Tuesday, May 01, 2007

GOING THROUGH CUSTOMS

A distinguished young woman on a flight from Switzerland asked the Priest beside her, "Father, may I ask a favor?"

"Of course. What may I do for you?"
"Well, I bought an expensive woman's electronic hair dryer for my mother's birthday that is unopened and well over the Customs limits, and I'm afraid they'll confiscate it. Is there any way you could carry it through Customs for me? Under your robes perhaps?"

"I would love to help you, dear, but I must warn you: I will not lie."

"With your honest face, Father, no one will question you."!

When they got to Customs, she let the priest go ahead of her.

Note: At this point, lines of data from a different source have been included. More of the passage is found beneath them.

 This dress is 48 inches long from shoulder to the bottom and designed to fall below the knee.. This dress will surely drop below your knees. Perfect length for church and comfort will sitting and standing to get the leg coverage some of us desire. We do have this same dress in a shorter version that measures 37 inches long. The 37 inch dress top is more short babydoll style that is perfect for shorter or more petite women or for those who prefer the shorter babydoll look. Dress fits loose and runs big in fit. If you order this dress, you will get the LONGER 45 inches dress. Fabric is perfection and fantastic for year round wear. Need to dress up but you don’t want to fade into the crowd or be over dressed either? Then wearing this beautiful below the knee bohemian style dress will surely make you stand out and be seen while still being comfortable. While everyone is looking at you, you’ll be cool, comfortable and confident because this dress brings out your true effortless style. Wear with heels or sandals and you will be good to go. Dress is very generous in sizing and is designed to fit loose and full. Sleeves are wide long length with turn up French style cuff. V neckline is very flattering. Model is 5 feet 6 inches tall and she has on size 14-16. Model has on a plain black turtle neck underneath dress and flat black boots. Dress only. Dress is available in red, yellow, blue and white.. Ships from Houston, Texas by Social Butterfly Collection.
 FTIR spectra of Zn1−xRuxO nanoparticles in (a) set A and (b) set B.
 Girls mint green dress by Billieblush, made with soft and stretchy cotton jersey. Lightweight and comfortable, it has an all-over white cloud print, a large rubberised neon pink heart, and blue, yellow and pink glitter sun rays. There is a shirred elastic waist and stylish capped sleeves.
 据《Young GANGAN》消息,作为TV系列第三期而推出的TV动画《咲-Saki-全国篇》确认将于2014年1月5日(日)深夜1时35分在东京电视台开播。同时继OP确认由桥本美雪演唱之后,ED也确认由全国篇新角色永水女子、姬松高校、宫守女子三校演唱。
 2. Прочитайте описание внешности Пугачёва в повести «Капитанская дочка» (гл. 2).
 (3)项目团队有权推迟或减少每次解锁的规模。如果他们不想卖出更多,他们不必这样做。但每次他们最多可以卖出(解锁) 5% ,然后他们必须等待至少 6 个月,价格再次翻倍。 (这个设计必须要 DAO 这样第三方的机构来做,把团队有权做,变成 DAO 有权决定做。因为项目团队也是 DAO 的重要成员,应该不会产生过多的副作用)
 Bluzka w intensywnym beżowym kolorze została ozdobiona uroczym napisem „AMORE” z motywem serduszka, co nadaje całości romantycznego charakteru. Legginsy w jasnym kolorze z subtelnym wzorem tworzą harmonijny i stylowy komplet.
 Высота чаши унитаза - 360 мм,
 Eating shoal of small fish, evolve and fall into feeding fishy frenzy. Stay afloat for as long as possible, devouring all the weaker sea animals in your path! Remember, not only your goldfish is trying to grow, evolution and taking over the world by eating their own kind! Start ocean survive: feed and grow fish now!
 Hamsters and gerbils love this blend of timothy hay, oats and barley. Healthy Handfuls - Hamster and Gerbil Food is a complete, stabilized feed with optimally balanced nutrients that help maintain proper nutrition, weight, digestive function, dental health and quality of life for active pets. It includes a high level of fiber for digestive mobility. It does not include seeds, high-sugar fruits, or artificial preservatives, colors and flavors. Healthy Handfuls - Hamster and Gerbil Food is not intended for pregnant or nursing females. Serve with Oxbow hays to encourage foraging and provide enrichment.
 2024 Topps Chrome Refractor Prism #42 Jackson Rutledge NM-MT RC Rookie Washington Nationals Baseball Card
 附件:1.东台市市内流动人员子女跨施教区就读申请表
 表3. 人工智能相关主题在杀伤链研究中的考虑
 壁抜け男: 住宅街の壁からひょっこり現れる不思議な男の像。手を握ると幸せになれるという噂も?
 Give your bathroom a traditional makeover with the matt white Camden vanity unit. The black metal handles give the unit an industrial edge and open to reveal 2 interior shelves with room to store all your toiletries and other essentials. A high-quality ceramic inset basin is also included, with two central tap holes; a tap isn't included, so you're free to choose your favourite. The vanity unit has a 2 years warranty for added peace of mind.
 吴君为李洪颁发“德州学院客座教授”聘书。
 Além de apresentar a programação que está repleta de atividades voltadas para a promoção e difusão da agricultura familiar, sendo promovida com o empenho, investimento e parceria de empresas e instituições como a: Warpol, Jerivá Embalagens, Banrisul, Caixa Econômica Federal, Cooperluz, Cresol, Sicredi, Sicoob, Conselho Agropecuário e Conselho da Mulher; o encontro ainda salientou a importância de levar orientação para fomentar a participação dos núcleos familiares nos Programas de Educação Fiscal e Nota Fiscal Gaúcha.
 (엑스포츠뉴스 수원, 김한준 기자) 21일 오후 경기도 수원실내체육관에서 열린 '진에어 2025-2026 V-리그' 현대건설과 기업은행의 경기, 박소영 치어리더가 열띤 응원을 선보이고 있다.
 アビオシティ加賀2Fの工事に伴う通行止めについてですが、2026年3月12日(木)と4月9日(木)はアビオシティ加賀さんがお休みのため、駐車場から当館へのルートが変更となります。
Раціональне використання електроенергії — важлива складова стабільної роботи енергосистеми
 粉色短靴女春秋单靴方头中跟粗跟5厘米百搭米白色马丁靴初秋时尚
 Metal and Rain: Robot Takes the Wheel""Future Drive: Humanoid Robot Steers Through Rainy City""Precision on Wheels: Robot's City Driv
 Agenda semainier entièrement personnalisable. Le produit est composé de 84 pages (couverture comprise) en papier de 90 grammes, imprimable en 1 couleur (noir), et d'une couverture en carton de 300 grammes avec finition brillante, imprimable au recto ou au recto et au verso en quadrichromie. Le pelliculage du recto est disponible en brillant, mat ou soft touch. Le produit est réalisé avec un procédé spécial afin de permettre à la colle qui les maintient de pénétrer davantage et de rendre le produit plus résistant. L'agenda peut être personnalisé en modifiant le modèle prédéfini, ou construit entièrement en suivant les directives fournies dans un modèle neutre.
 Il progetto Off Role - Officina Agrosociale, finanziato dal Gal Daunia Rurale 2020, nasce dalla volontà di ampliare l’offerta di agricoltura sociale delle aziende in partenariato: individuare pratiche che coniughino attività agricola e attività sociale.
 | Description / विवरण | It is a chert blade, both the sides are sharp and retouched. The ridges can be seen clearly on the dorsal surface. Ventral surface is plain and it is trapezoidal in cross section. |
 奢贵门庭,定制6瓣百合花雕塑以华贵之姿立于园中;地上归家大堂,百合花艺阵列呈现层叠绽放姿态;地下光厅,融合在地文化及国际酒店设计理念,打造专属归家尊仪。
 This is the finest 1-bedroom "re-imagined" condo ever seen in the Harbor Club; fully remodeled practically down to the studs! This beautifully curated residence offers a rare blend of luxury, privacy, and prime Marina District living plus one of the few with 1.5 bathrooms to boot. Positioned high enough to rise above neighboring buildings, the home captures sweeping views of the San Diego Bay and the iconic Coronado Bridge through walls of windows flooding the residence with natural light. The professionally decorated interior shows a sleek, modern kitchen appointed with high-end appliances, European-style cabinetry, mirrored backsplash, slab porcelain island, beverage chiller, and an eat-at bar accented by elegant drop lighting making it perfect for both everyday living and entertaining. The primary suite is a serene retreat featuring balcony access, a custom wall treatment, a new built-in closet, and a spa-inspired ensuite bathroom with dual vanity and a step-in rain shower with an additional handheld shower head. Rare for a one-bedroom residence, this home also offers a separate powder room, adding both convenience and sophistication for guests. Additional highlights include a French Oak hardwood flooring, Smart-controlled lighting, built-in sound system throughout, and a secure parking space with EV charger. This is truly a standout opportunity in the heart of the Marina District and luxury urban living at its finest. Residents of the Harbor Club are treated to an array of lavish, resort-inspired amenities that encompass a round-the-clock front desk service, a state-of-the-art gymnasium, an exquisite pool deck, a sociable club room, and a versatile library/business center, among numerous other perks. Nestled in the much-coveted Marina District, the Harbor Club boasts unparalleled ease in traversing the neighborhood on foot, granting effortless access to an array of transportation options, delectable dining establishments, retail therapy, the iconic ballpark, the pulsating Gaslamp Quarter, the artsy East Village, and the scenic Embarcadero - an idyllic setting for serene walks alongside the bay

The official asked, "Father, do you have anything to declare?" "From the top of my head down to my waist, I have nothing to declare." The official thought this answer strange, so asked, "And what do you have to declare from your waist to the floor?" "I have a marvelous instrument designed to be used on a woman, but which is, to date, unused."

Roaring with laughter, the official said, "Go ahead, Father. "Next!